# SOURCE DATA:

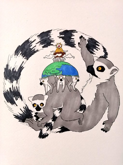 『万物ワオキツネザル』 #ワオキツネザル #アナログイラスト #私の絵柄が好みって人にフォローされたい
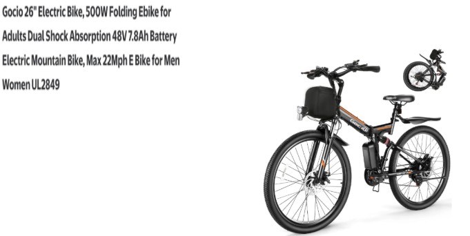 Brand new Gocio 26 inch electric bike, 500w folding e-bike for adults
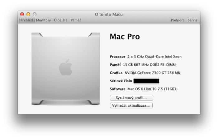 Prodám Mac Pro (model MacPro1,1) 2 x 3GHz Quad Core Intel Xeon (Woodcrest), 13GB RAM DDR2 FB-DIMM, 250GB SATA SSD, 250GB SATA HDD, NVIDIA GeForce 7300 GT, mechanika DVD-RW, vše plně funkční, vyčištěno.
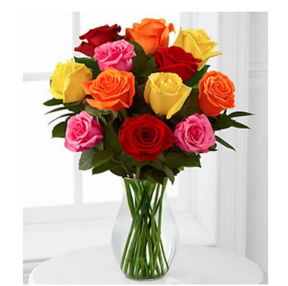 • 12 Pcs / 15 Pcs /  18 Pcs / Beautiful Imported Mixed Roses in a Vase.

# WHAT TO WORK ON:
A word-for-word copy of the material is required; pictures stay out of it.

# YOUR SOLUTION:
 『万物ワオキツネザル』 #ワオキツネザル #アナログイラスト #私の絵柄が好みって人にフォローされたい
 Brand new Gocio 26 inch electric bike, 500w folding e-bike for adults
 Prodám Mac Pro (model MacPro1,1) 2 x 3GHz Quad Core Intel Xeon (Woodcrest), 13GB RAM DDR2 FB-DIMM, 250GB SATA SSD, 250GB SATA HDD, NVIDIA GeForce 7300 GT, mechanika DVD-RW, vše plně funkční, vyčištěno.
 • 12 Pcs / 15 Pcs /  18 Pcs / Beautiful Imported Mixed Roses in a Vase.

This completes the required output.